И нет чтобы Александру Христофоровичу заподозрить неладное: его величество обращался к нему на «ты» только в особых случаях. А он, старый дурак, пропустил мимо ушей: люгер так люгер. Отдал распоряжение. Погода чудная. Волнение невелико. Почему не покататься?
Когда уже отплыли, Никс позвал Бенкендорфа на нос, где никого не было. Взял за руку. Ну, тут уж и слепой бы догадался: что-то стряслось.
— Александр Христофорович, примите мои… беда у нас. Ваш брат Константин в Праводах, где его отряд… заразился и за два дня…
Шурке показалось, что его голова медная и по ней со всей силы ударили молотком. Он слышал только звон в ушах. Смаргивал короткими рыжими ресницами и не мог сообразить, почему его величество говорит, а слов не слышно.
Его контузило под Лейпцигом, и тогда он впервые испытал это чувство. Полная отгороженность от остального мира стеной глухоты. С тех пор случалось, но редко. Александр Христофорович даже открыл рот, но уши не разложило. Держась рукой за белую крашеную стену, он двинулся прочь, не обращая внимания на то, что император вовсе не давал ему разрешения уйти.
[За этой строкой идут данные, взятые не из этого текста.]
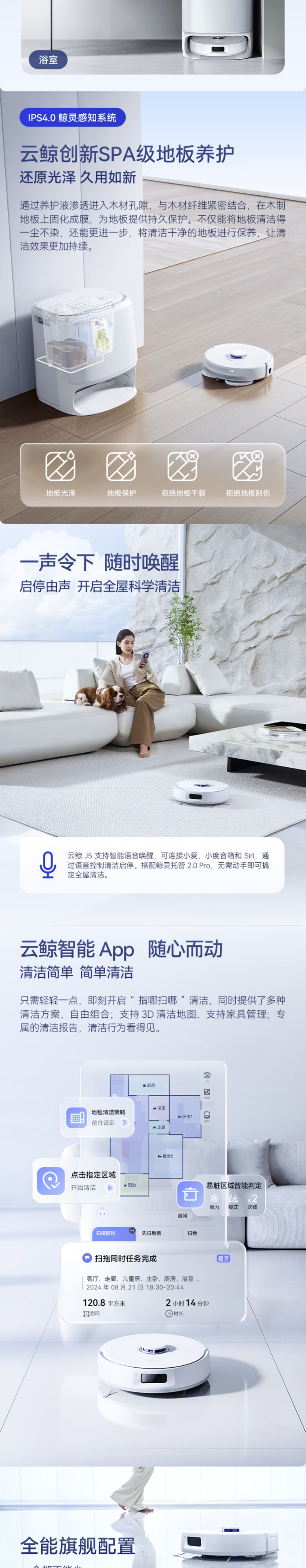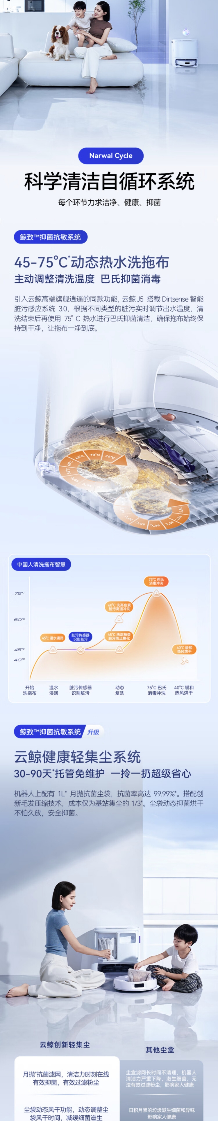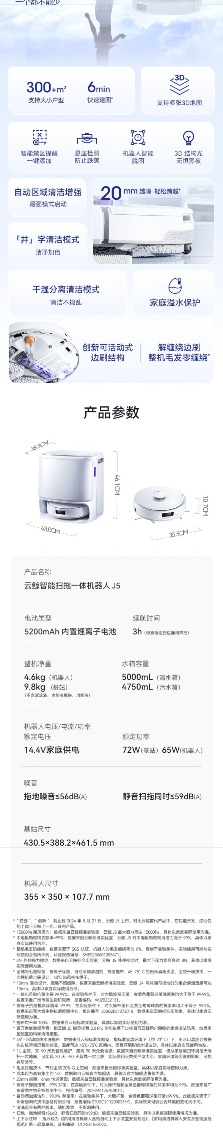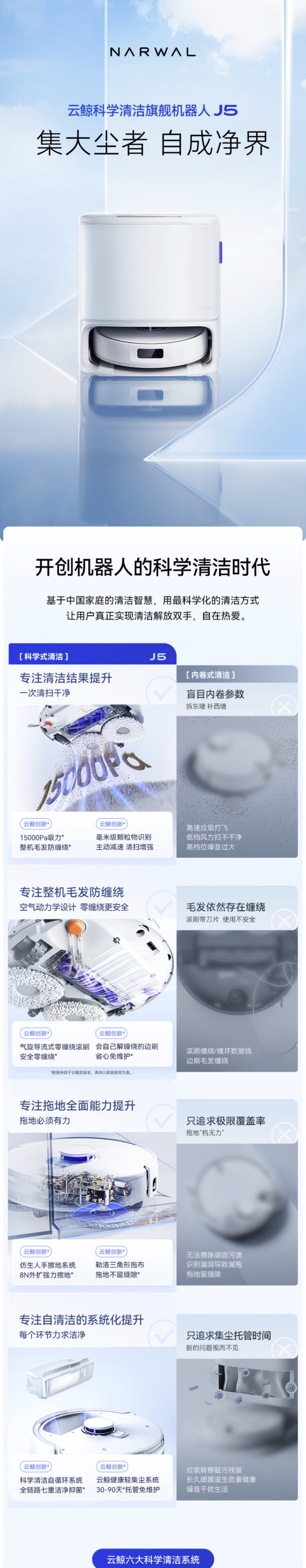 云鲸NARWAL智能扫拖一体扫地机器人J5 水箱版 白色(单位:台) 白色

Спустился по узкой лесенке палубой ниже, нашёл каюту, где бросил шинель — уезжая, думал: если до вечера прокатаются, будет прохладно… Теперь упал на неё и разрыдался. Его брат! Его замечательный брат! Младший… Несправедливо!
Возможно, болезнь и не была чумой? Жара, грязь — мало ли что Костя потянул в рот… И доктора не нашлось поблизости! А может, он вовсе и не хотел жить, потеряв Мари?
«Это я виноват, — всхлипывал Шурка. — Вывез его в Россию, на войну… тяготы походной жизни… мы ведь не мальчики… Сидел бы себе в Штутгарте». Тут картины штутгартской жизни встали перед глазами: Костя и там умирал.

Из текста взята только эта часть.